American Scientist

When architects design a building, they may plan extensively around factors such as whether it will be aesthetically pleasing, or how much eco-friendly material will be used in its construction. But termites, one of nature’s most gifted structural engineers, build dwellings that hold hundreds, thousands, or millions of individuals without any planning or direct communication with one another. Large structures, human or insect made, also have to take climate control into account. The internal temperature of termite mounds remains relatively constant, even when outside temperatures can fluctuate by 20 degrees Celsius. Understanding the mechanisms behind these ventilation systems could give architects new tools to apply to buildings for people.

To study how termites optimize mound ventilation, temperature, and humidity, a European research team adopted an imaging method used in medicine—computed tomography (CT)—and a closely related technique, x-ray microtomography. These technologies work at different scales, but both use x-rays focused on thin areas of an object. They create sectional images that are then combined in a computer to output a scan of the entire internal structure of the object. Geological engineer Kamaljit Singh of Heriot-Watt University in Edinburgh, along with one of his doctoral students, Nengi Fiona Karibi-Botoye, worked with animal behaviorist Guy Theraulaz from the University of Toulouse in France to produce numerous, highly intricate images of termite mounds, the analysis of which the group recently published in the Journal of the Royal Society Interface.

To make their mounds, termites take bits of sand, clay, and feces into their mouths and fuse them together with saliva. Mounds are usually most noticeable above ground, but they can also be formed completely underground or in trees, among other places. On the inside, the mound is compartmentalized, with chambers set aside for particular functions. Generally, the queen’s chamber is near the bottom, and her only job is to lay eggs. Workers transport the eggs to another chamber. This dedicated nursing corps of workers tends to several other chambers that contain larvae at various developmental stages. There are also chambers where workers grow mushrooms to feed the larvae. All of these rooms are connected by small corridors.

On the outside, termite mounds can be divided into two categories: large fortresses that can be many meters tall, or small configurations that measure a few centimeters high (see figure above). Soil composition influences mound structure, so the final type of mound depends on the type of soil available locally.

And the structures are not static; termites are always remodeling. “When the temperature becomes really low, the structure of a large mound changes from an elaborate, cathedral shape to a dome shape,” Karibi-Botoye says. “The termites change the structure to adapt to changing temperatures.”

Karibi-Botoye and her colleagues collected several small termite mounds from different field sites (see figure above). Theraulaz and his team used a medical CT scanner to visualize the inner workings of the mounds at the millimeter scale, recording the holes in the outer wall and chambers. Next, Karibi-Botoye and her colleagues in Singh’s lab used an x-ray microtomography scanner, allowing them to see smaller features such as micropores in the walls. After incorporating the micrometer results into the millimeter outcomes, they had a multiscale view of the mounds they could use to do airflow simulations.

These simulations helped the researchers examine whether current theories of how ventilation occurs in termite mounds are accurate. For example, several years ago other scientists proposed that the Sun plays a role in the ventilation of large termite mounds. When the Sun heats up a termite mound during the day, the surface of the mound has a higher temperature than the inside of the mound. As the warmer air rises, it pulls cooler air from the inner part of the mound to the surface, where carbon dioxide is exchanged through the outer wall. In the evening, the reverse happens: The outer surface becomes cooler, and air in the inner mound is warmer. The colder air forces the warmer air from the inner mound to the surface and out of the mound. This process also removes carbon dioxide.

Such a system works in large mounds, but what about smaller nests that are a few centimeters in size? Theraulaz argues ventilation has to work differently because a mound needs to have a critical size to exhibit that air circulation.

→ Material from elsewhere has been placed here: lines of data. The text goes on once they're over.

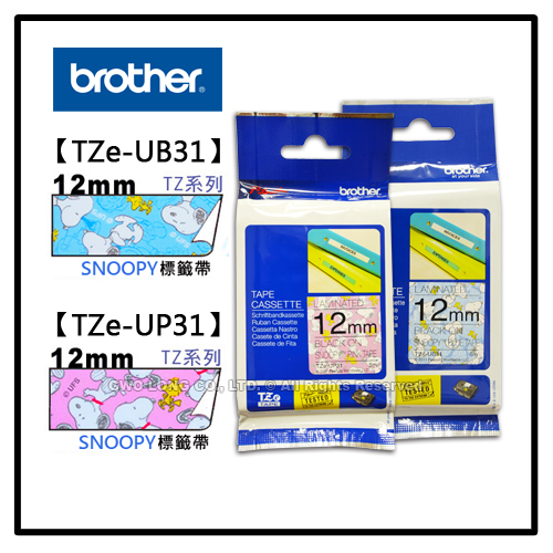TZe-U TZ系列 BROTHER 12mm史奴比卡通護貝標籤機色帶 耗材
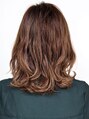 レイヤーをいれ、カールアイロンで動きを強めにつけたミディアムスタイルです。毛先と中間を26mmで巻いて束が重ならないようにして動きをだしています。
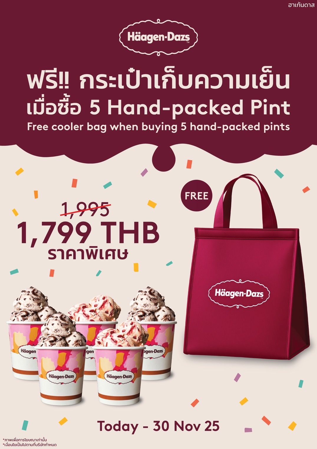 ซื้อ 5 Hand-packed Pint ในราคา 1,799 บาท รับฟรี!!!กระเป๋าเก็บความเย็น Haagen-Dazs สุดคิ้วท์ ที่ร้านฮาเกนดาส สาขาพรอมานาด เท่านั้น!!!
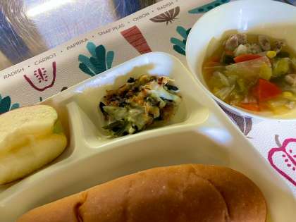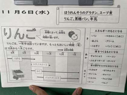今日の献立には、グラタンに使われているほうれんそう、スープ煮に使われている大根、デザートのりんごなど、季節を感じる食材が多く使われています。
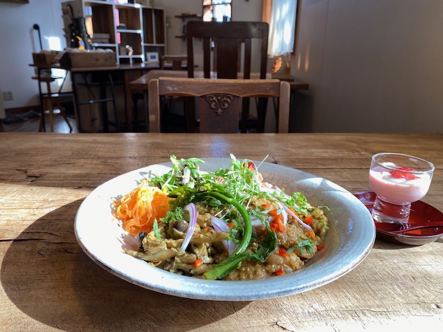 季節のお惣菜が詰まったスパイスカレー弁当をお持ちします
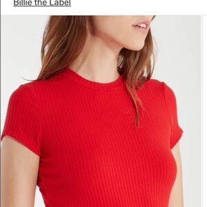 NWT ❤️Billie The Label Beautiful Julia Rib Top Cherry Red L PERFECT4UR VALENTINE Elevate your style with the Red Ribbed Tee. This vibrant top offers a sleek and comfortable fit, perfect for any occasion. Please Refer To All Pictures And Feel Free To Ask Any Questions. - Crewneck
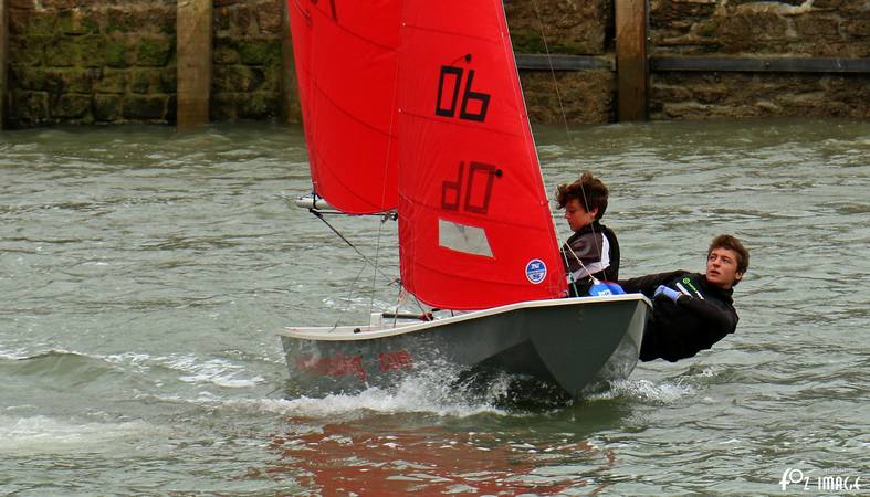 The dinghy sailors face choppy conditions in the river estuary.
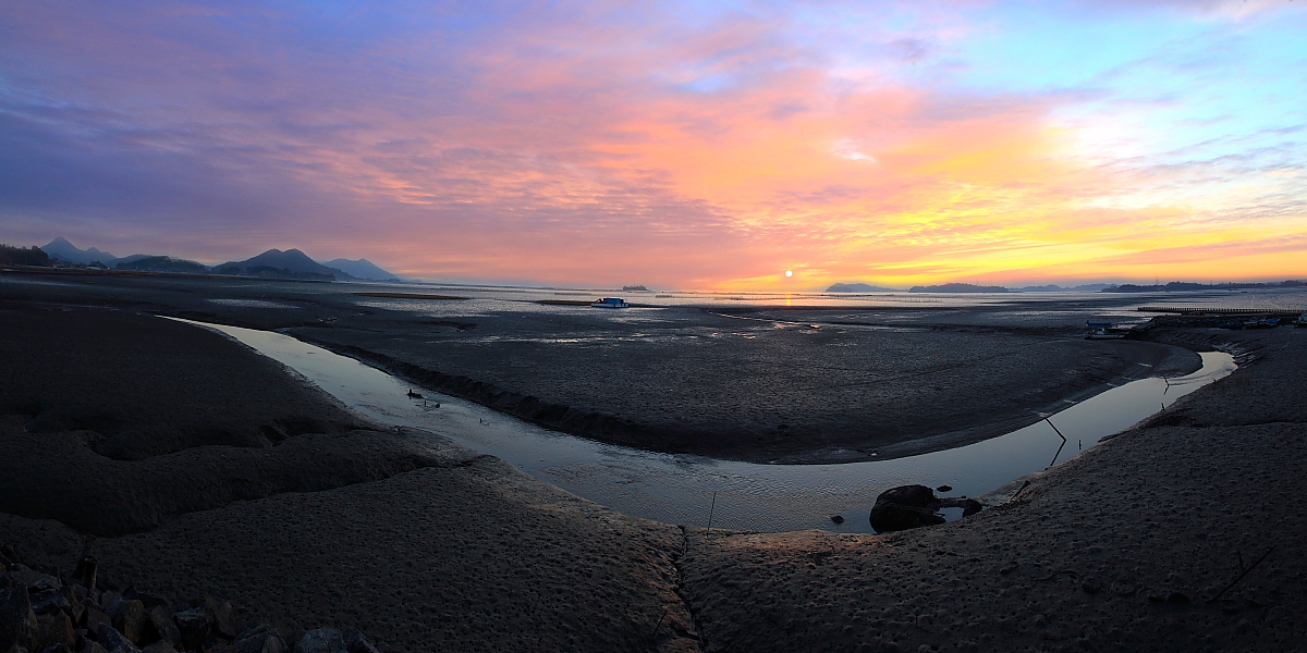 호동리의 갯벌에 아침 해가 갯골과 어울리어 솟아 오릅니다.
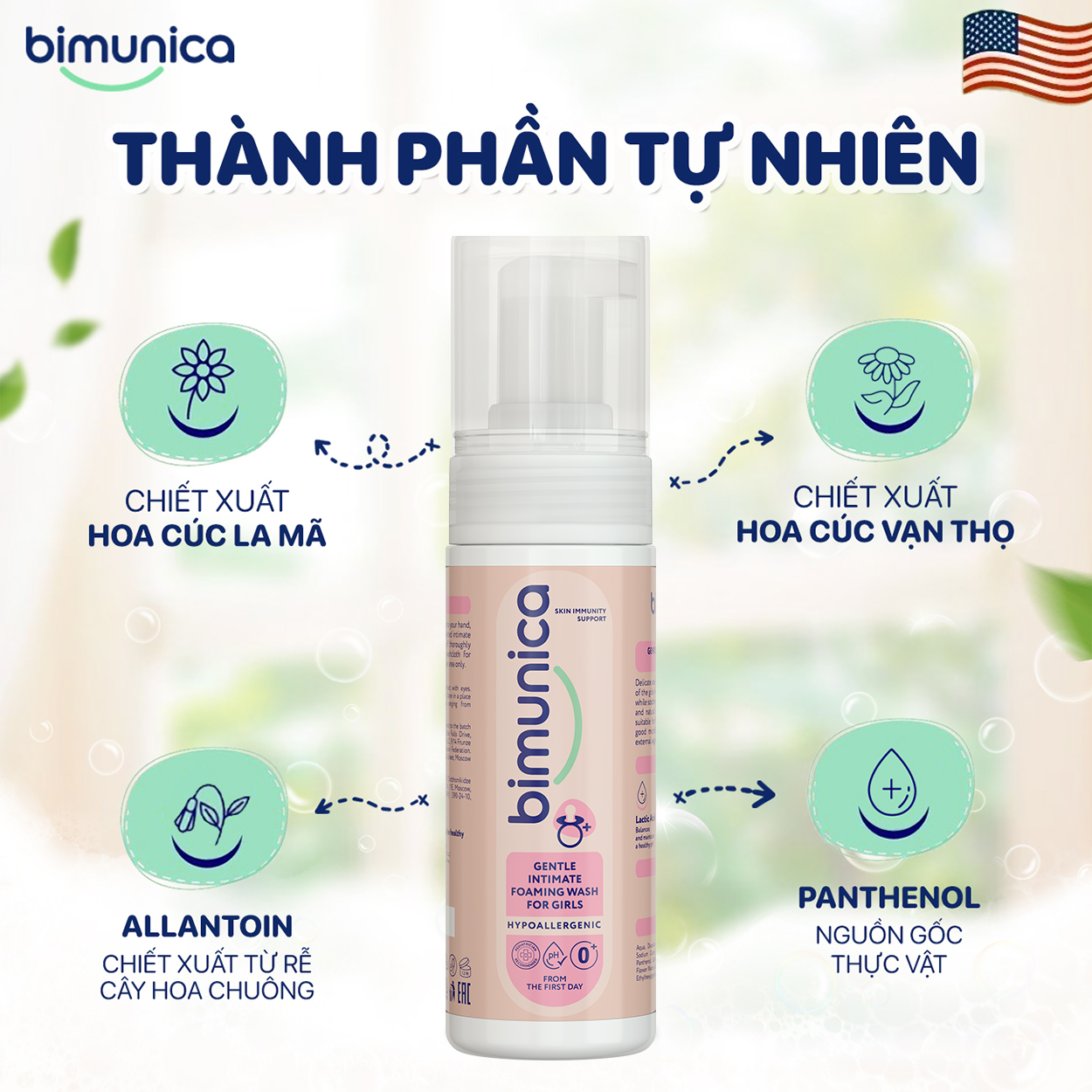 Combo 2 chai Bọt vệ sinh bé gái Bimunica cho bé từ 0 tháng tuổi – 150ml

“In the beginning, when the nest is small, the processes involved in ventilation are different from those that happen later, when the colony enlarges the nest,” Theraulaz says. “For smaller nests, ventilation is by diffusion.”

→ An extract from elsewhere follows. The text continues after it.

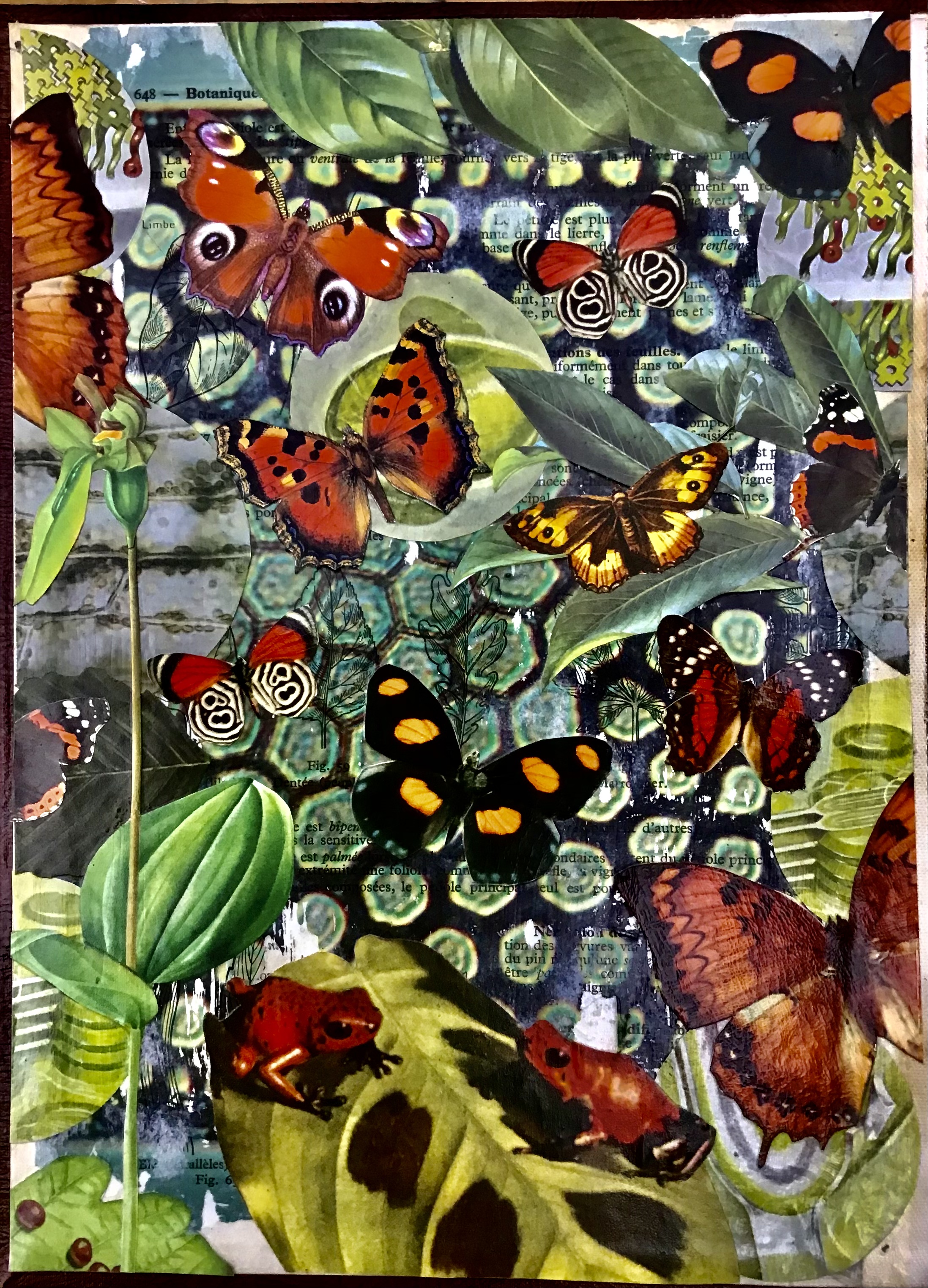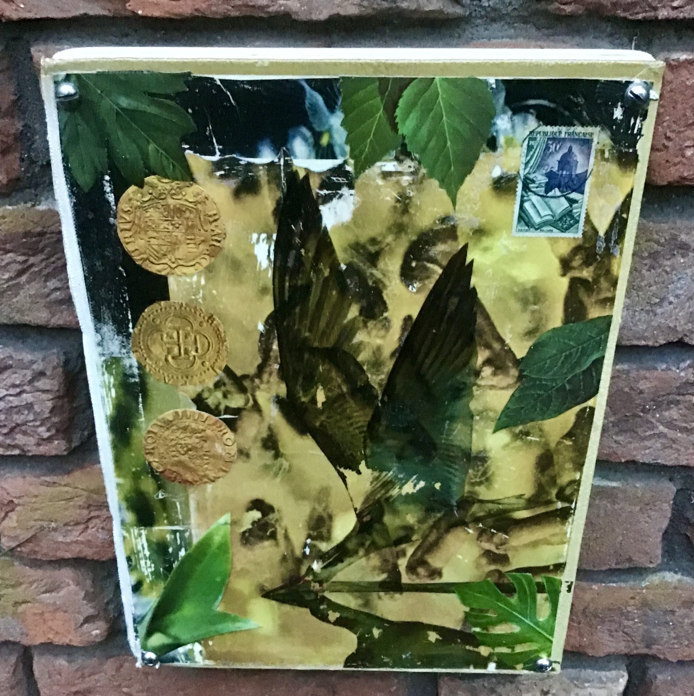 Mixed media. 21x28cm. Pigment transfer and collage on vintage hard cover. Finished with 3 thin layers of varnish. Mounted on wood.

Termite building behavior, the team says, is regulated by both temperature and carbon dioxide levels. When mound size increases, the variability of carbon dioxide increases, which affects how termites build and reshape the nest. And reaction to different local conditions explains why the internal structures of small nests are different from large mounds, even if they are built by the same species.

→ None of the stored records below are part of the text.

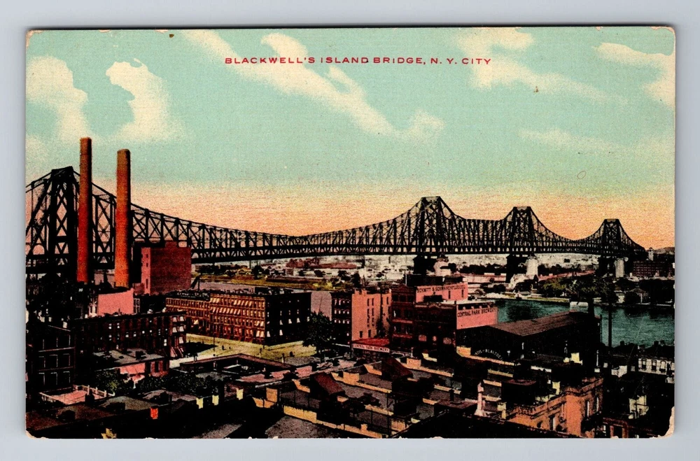 New York City NY, Blackwell's Island Bridge, Souvenir, Vintage Postcard
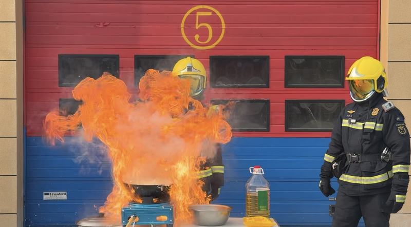B体育官方网站首页 食材不沥干、面粉扬撒、油锅浇水,消防履行展示厨房用火安全隐患
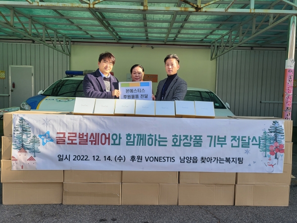 남양읍은 14일 국제구호개발 NGO단체인 글로벌쉐어로부터 1억원 상당의 화장품 세트를 기탁 받았다.

Singh adds that the knowledge they had before they started using this combined technique was mostly from models and fieldwork. Now, they can compare fieldwork measurements with simulations to produce a fundamental understanding of termite mounds.

“We are doing simulation modeling for the first time on an actual structure,” Singh says. “The group started from scratch and are filling the gaps in a way that has not been done previously. I think this is really important because if we start building prototypes, we need the concepts right."